# search for songs



## vierlagig (21 November 2007)

suche lieder über schöne frauen die man nicht bekommt also like farin urlaubs "das schöne mädchen" für ein mixtape für die dame von der AVOR


----------



## Markus (22 November 2007)

prinzen - blaues blut


----------



## Markus (22 November 2007)

was auch immer du vorhast, vergiss nich ein carepaket mit barry white bereitzuhalten fals es klappt...


----------



## vierlagig (22 November 2007)

Markus schrieb:


> was auch immer du vorhast, vergiss nich ein carepaket mit barry white bereitzuhalten fals es klappt...



nein, nein, so "schlimm" soll es gar nicht werden ... kennt ihr frauen wie julia? sie ist so eine...

prinzen ... irgendwo *kram* *such* ... da fällt mir auch noch bodo wartke - "an dich" ein ... aber falsche situation  ...


----------



## Frank (22 November 2007)

wer ist eigentlich julia?


----------



## vierlagig (22 November 2007)

Frank schrieb:


> wer ist eigentlich julia?



wat bin ich froh, dass du heut nicht zum mittag rüber kommst


----------



## Frank (22 November 2007)

mit einem ring an der hand wird man für einige frauen erst richtig interessant, vielleicht hätte sie ihn eher entdecken müssen!?

soll das ein weihnachtsgeschenk für die "unnahbare" werden?


----------



## gingele (22 November 2007)

wie wärs mit den ärzten "wie es geht"
oder wheatus "teenage dirtbag"


----------



## vierlagig (22 November 2007)

Frank schrieb:


> mit einem ring an der hand wird man für einige frauen erst richtig interessant, vielleicht hätte sie ihn eher entdecken müssen!?

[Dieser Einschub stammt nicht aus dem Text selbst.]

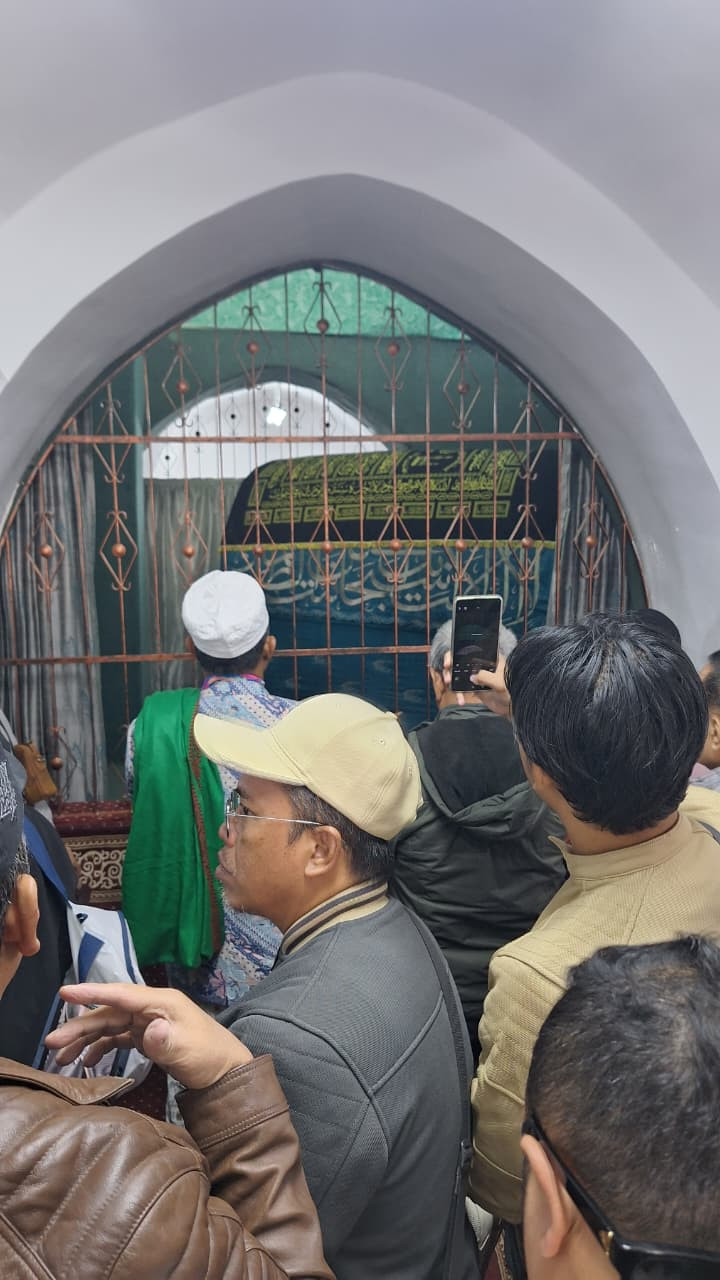 Ziarah ke Makam Nabi Yunus AS: Salah satu momen paling syahdu adalah saat jamaah mengunjungi makam Nabiyullah Yunus AS. Suasana khusyuk terlihat saat jamaah berkumpul di depan pusara yang tertutup kain hijau bertuliskan kaligrafi, memanjatkan doa dan merenungi kisah keteguhan hati sang nabi.

vielleicht auch beser nicht - da streiten wir uns noch ... haben uns aber schon darauf geeinigt, dass wir nicht schizophren sind 



Frank schrieb:


> soll das ein weihnachtsgeschenk für die "unnahbare" werden?

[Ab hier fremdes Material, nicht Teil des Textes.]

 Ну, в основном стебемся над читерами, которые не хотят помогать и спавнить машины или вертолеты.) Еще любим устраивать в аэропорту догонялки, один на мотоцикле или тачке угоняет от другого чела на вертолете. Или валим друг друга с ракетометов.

so in etwa, ja, ist doch das fest der liebe ;-)


----------



## vierlagig (22 November 2007)

gingele schrieb:


> wie wärs mit den ärzten "wie es geht"
> oder wheatus "teenage dirtbag"



"wie es geht" - manchmal kommt man auf die einfachsten dinge nicht, danke, auch wenn das ende zu sehr in eine richtung zielt, die ich ja nicht verfolge *grübel*

"teenage dirtbag" - "But she doesn't know who I am
And she doesn't give a damn about me" ... muah, wie geil, gebucht!


----------



## gingele (22 November 2007)

Freut mich wenn ich dir helfen konnte. 

Dann wünch ich dir viel Erfolg in deinem Unterfangen.


----------



## vierlagig (22 November 2007)

Der Junge mit der Gitarre - Ya Ya



> sitten in the lala, waiten for the yaya.
> sitten in the lala, waiten for the yaya.
> and made some funny, but i don't belive she's
> comming aha.
> ...


----------



## Markus (22 November 2007)

das wichtigste fehlt noch:

http://www.youtube.com/watch?v=T1pWn3qUgVg

FRAUEN REGIER´N DIE WELT! ein song voller wahrheiten...


----------



## Dabbes vorm Herrn (22 November 2007)

oder nimm nen alten Song von den Ärzten:

Tittenmaus

... der kommt immer gut an....

Dabbes


----------



## vierlagig (22 November 2007)

Markus schrieb:


> FRAUEN REGIER´N DIE WELT! ein song voller wahrheiten...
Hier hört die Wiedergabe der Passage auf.